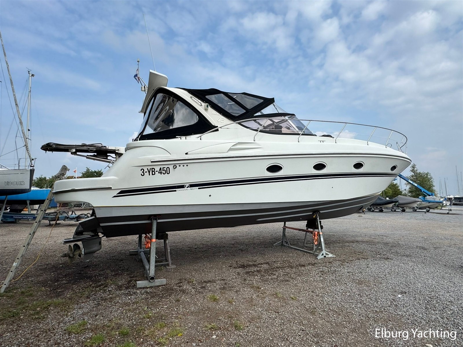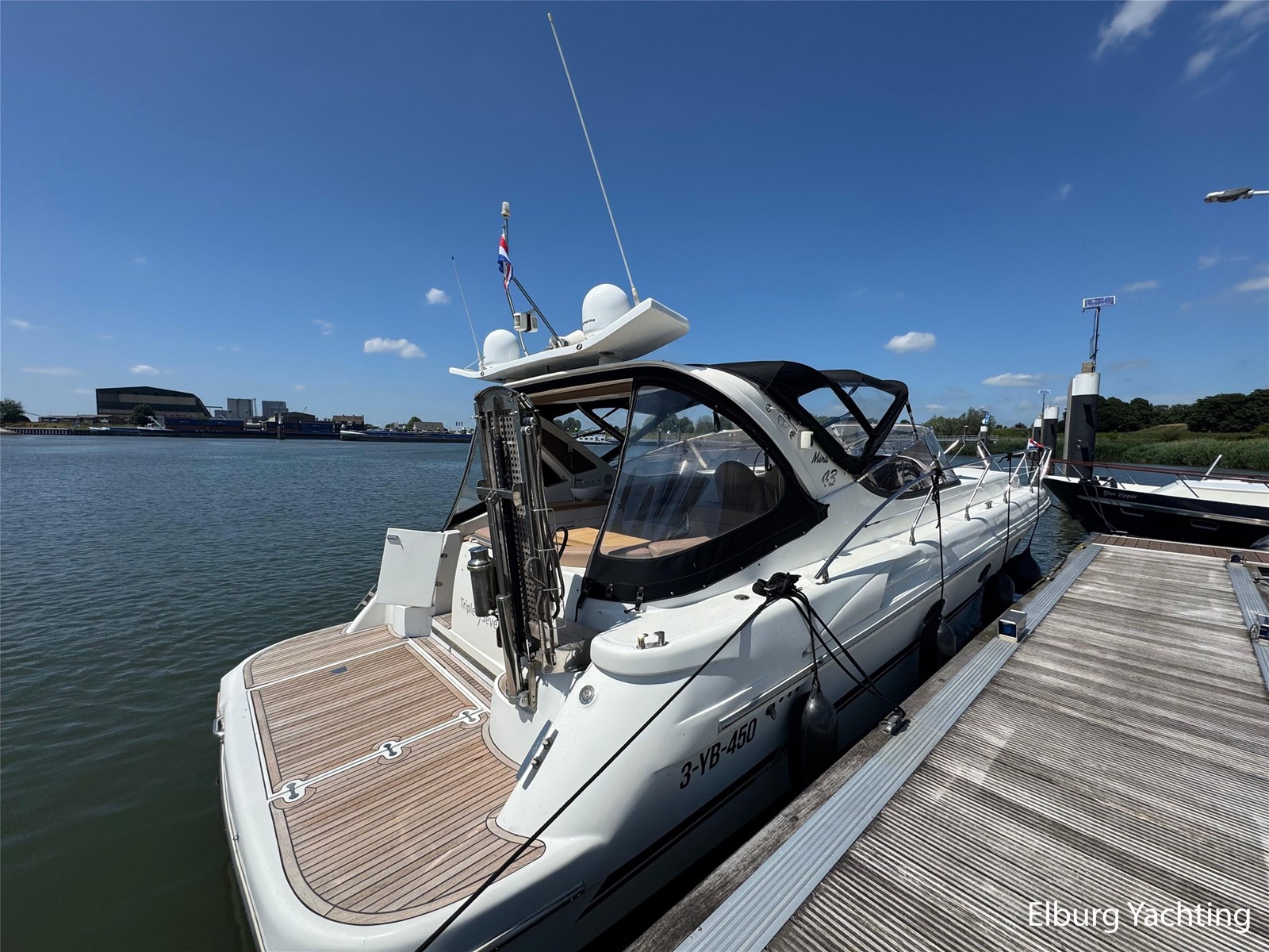 Italiaans design in combinatie met veel praktische ruimte kenmerkt deze Mira 43 van de werf Innovazione e Progetti uit Italie. Dit jacht is van bouwjaar 2004 en is voorzien van twee krachtige Volvo Penta D6 motoren met elk 350 pk. De aandrijving verloopt via twee Volvo Penta DPH hekdrives, welke in 2025 zijn geserviced. Deze Mira 43 is voorzien van: Volledige tent rondom kuip met uitristbare delen, hydraulisch uitschuifbare gangway met afstandsbediening, groot bergluik in zwemplateau, kuip voorzien van koelkast / spoelkom / radio met speakers, loop naar het voordek via gangboorden maar ook binnendoor via opstap bij stuurstand, afneembaar zonnebed op het voordek, elektrisch/hydraulisch bedienbaar luik naar machinekamer, diverse 230V aansluitpunten door de boot, TV in salon (2025), tapijt delen in het interieur uitneembaar, 2 x bergluik in salonvloer. Verfsysteem onderwaterschip vernieuwd in juli 2025. Dit schip is op afspraak in Nederland te bezichtigen. Wij maken graag met u een afspraak voor een vrijblijvend bezoek aan boord.
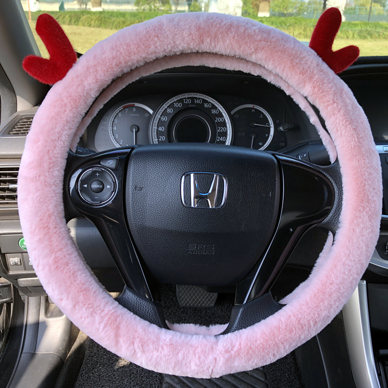 • 빨간 뿔-핑크 모조 토끼 모피 커버
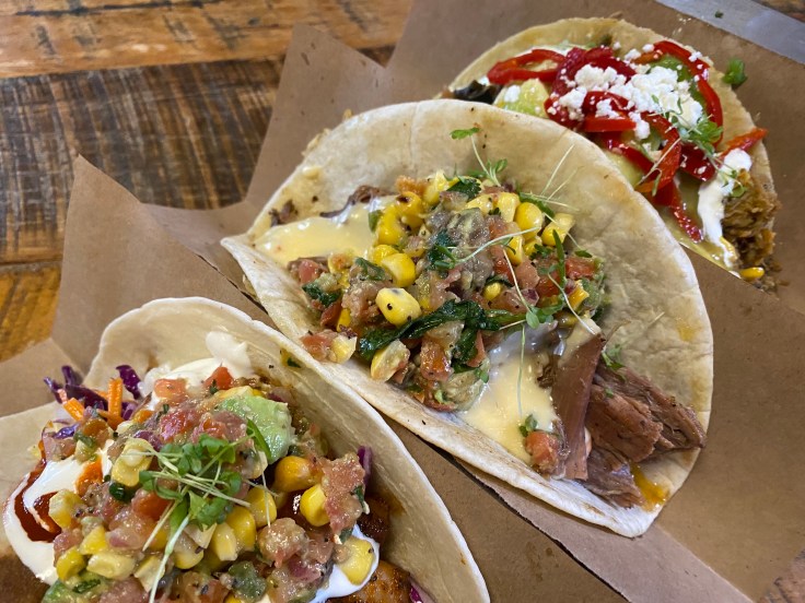 I have a hard time deciding which taco came in second. The green chile pork taco starts with tomatillo corn stewed pork then adds avocado, mayo crema, queso fresco, pickled fresnos, cilantro rice, salsa verde, and micro cilantro on a corn tortilla. And the Mexi-Cali shrimp taco takes blackened shrimp and tops it with napa slaw, citrus lime crema, sriracha, avocado corn pico, and micro cilantro. All of this is served on a flour tortilla. Both were worth getting again.
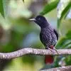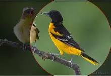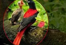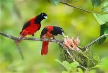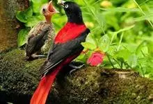 朱鹂:中等鸟类,体长23-28厘米。雄鸟绛紫红色,头、上胸及翼黑色。雌鸟上背及背部深灰色,尾覆羽及尾绛紫红色,腹部及下胸白而密布黑色纵纹。与鹊色鹂幼鸟的区别在上背灰色较深,下体白色较少且纵纹较粗。…全部>>
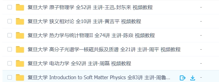 复旦大学 基础科学课 6套物理学视频 声明:本站资源来自会员发布以及互联网公开收集,不代表本站立场,仅限学习交流使用,请遵循相关法律法规,请在下载后24小时内删除。 如有侵权争议、不妥之处请联系本站删除处理! 请用户仔细辨认内容的真实性,避免上当受骗!
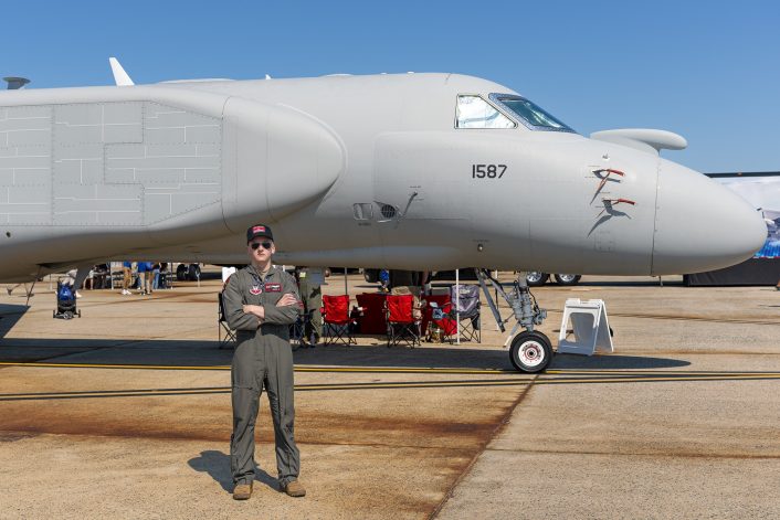 Standing beside the Compass Call on the tarmac, dressed in his flight suit and patiently fielding questions from curious visitors, the young 1st Lieutenant (now, newly pinned Captain) was both approachable and proud of the mission he represents. Though careful not to reveal classified details, he spoke candidly about the unique demands of flying the EA-37B and what it means to serve as part of a crew entrusted with such a specialized role. Our conversation offered a glimpse into the human side of a platform most people only read about in brief defense headlines.
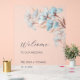 This elegant wedding welcome board features layered dimensional blue and gold flowers on a transparent background.
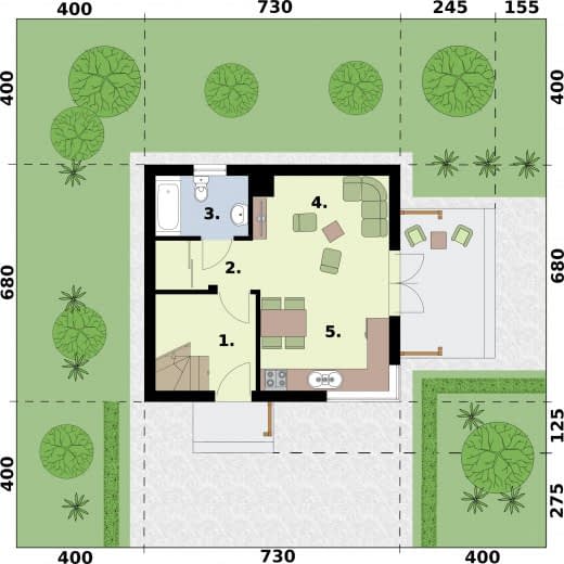 - Minimalne wymiary działki14.3 x 14.8m
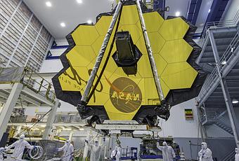 Los aficionados a la tecnología levantan el vidrio del Telescopio Espacial James Webb usando una grúa en abril de 2017 en el Centro de Vuelo Espacial Goddard en Greenbelt, MD. El sábado, el telescopio completó su misión final en el espacio.
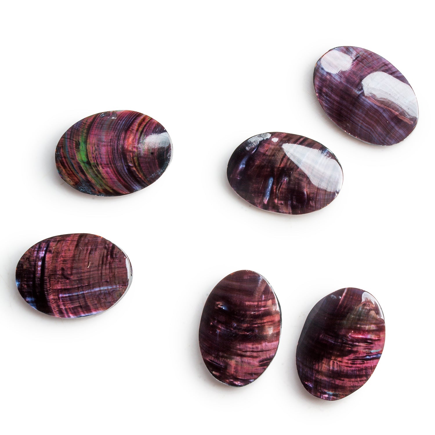 These Burgundy Mother of Pearl Oval Focal Beads are a rich, luminous choice for jewelry designs that call for both elegance and organic charm. Measuring approximately 20x15mm, each oval is cut from natural shell and polished to a high gloss, revealing deep burgundy tones with iridescent flashes of violet, copper, and even green depending on the light.
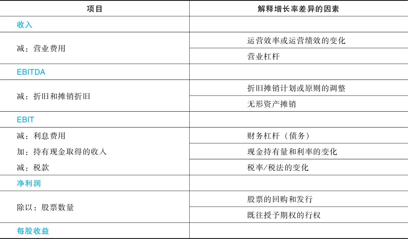实际上,当被问及估计增长率时,分析师首先需要问的问题就是:“哪个项目的增长率?”如果我们的任务是估计营业利润的增长率,那我们就不能使用每股收益的增长率。
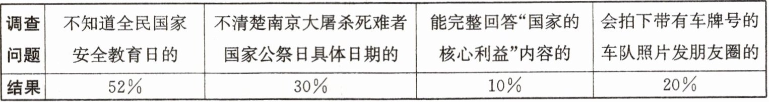 |调查问题|不知道全民国家安全教育日的|不清楚南京大屠杀死难者国家公祭日具体日期的|能完整回答“国家的核心利益”内容的|会拍下带有车牌号的车队照片发朋友圈的|
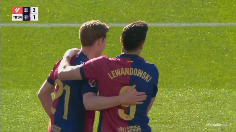 25球領跑射手榜!萊萬16分鐘內(nèi)雙響,巴薩主場3-1領先赫羅納
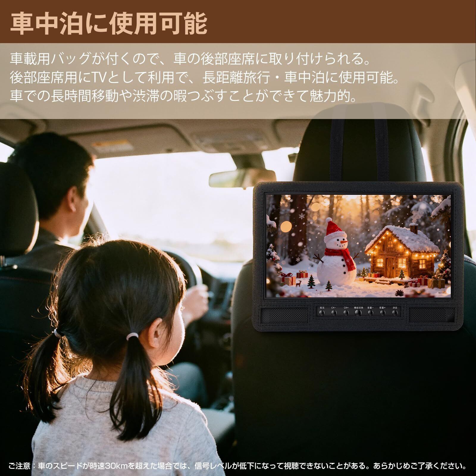 [車中泊に使用可能]車載用バッグが付くので、車の後部座席に取り付けられます。後部座席用にTVとして利用で、車中泊に使用可能です。
=====
Return all of the material precisely as written. No picture belongs in it.

## ANSWER TO THE PROBLEM
 Italiaans design in combinatie met veel praktische ruimte kenmerkt deze Mira 43 van de werf Innovazione e Progetti uit Italie. Dit jacht is van bouwjaar 2004 en is voorzien van twee krachtige Volvo Penta D6 motoren met elk 350 pk. De aandrijving verloopt via twee Volvo Penta DPH hekdrives, welke in 2025 zijn geserviced. Deze Mira 43 is voorzien van: Volledige tent rondom kuip met uitristbare delen, hydraulisch uitschuifbare gangway met afstandsbediening, groot bergluik in zwemplateau, kuip voorzien van koelkast / spoelkom / radio met speakers, loop naar het voordek via gangboorden maar ook binnendoor via opstap bij stuurstand, afneembaar zonnebed op het voordek, elektrisch/hydraulisch bedienbaar luik naar machinekamer, diverse 230V aansluitpunten door de boot, TV in salon (2025), tapijt delen in het interieur uitneembaar, 2 x bergluik in salonvloer. Verfsysteem onderwaterschip vernieuwd in juli 2025. Dit schip is op afspraak in Nederland te bezichtigen. Wij maken graag met u een afspraak voor een vrijblijvend bezoek aan boord.
 • 빨간 뿔-핑크 모조 토끼 모피 커버
 I have a hard time deciding which taco came in second. The green chile pork taco starts with tomatillo corn stewed pork then adds avocado, mayo crema, queso fresco, pickled fresnos, cilantro rice, salsa verde, and micro cilantro on a corn tortilla. And the Mexi-Cali shrimp taco takes blackened shrimp and tops it with napa slaw, citrus lime crema, sriracha, avocado corn pico, and micro cilantro. All of this is served on a flour tortilla. Both were worth getting again.
 朱鹂:中等鸟类,体长23-28厘米。雄鸟绛紫红色,头、上胸及翼黑色。雌鸟上背及背部深灰色,尾覆羽及尾绛紫红色,腹部及下胸白而密布黑色纵纹。与鹊色鹂幼鸟的区别在上背灰色较深,下体白色较少且纵纹较粗。…全部>>
 复旦大学 基础科学课 6套物理学视频 声明:本站资源来自会员发布以及互联网公开收集,不代表本站立场,仅限学习交流使用,请遵循相关法律法规,请在下载后24小时内删除。 如有侵权争议、不妥之处请联系本站删除处理! 请用户仔细辨认内容的真实性,避免上当受骗!
 Standing beside the Compass Call on the tarmac, dressed in his flight suit and patiently fielding questions from curious visitors, the young 1st Lieutenant (now, newly pinned Captain) was both approachable and proud of the mission he represents. Though careful not to reveal classified details, he spoke candidly about the unique demands of flying the EA-37B and what it means to serve as part of a crew entrusted with such a specialized role. Our conversation offered a glimpse into the human side of a platform most people only read about in brief defense headlines.
 This elegant wedding welcome board features layered dimensional blue and gold flowers on a transparent background.
 - Minimalne wymiary działki14.3 x 14.8m
 Los aficionados a la tecnología levantan el vidrio del Telescopio Espacial James Webb usando una grúa en abril de 2017 en el Centro de Vuelo Espacial Goddard en Greenbelt, MD. El sábado, el telescopio completó su misión final en el espacio.
 These Burgundy Mother of Pearl Oval Focal Beads are a rich, luminous choice for jewelry designs that call for both elegance and organic charm. Measuring approximately 20x15mm, each oval is cut from natural shell and polished to a high gloss, revealing deep burgundy tones with iridescent flashes of violet, copper, and even green depending on the light.
实际上,当被问及估计增长率时,分析师首先需要问的问题就是:“哪个项目的增长率?”如果我们的任务是估计营业利润的增长率,那我们就不能使用每股收益的增长率。
 |调查问题|不知道全民国家安全教育日的|不清楚南京大屠杀死难者国家公祭日具体日期的|能完整回答“国家的核心利益”内容的|会拍下带有车牌号的车队照片发朋友圈的|
 25球領跑射手榜!萊萬16分鐘內(nèi)雙響,巴薩主場3-1領先赫羅納
 [車中泊に使用可能]車載用バッグが付くので、車の後部座席に取り付けられます。後部座席用にTVとして利用で、車中泊に使用可能です。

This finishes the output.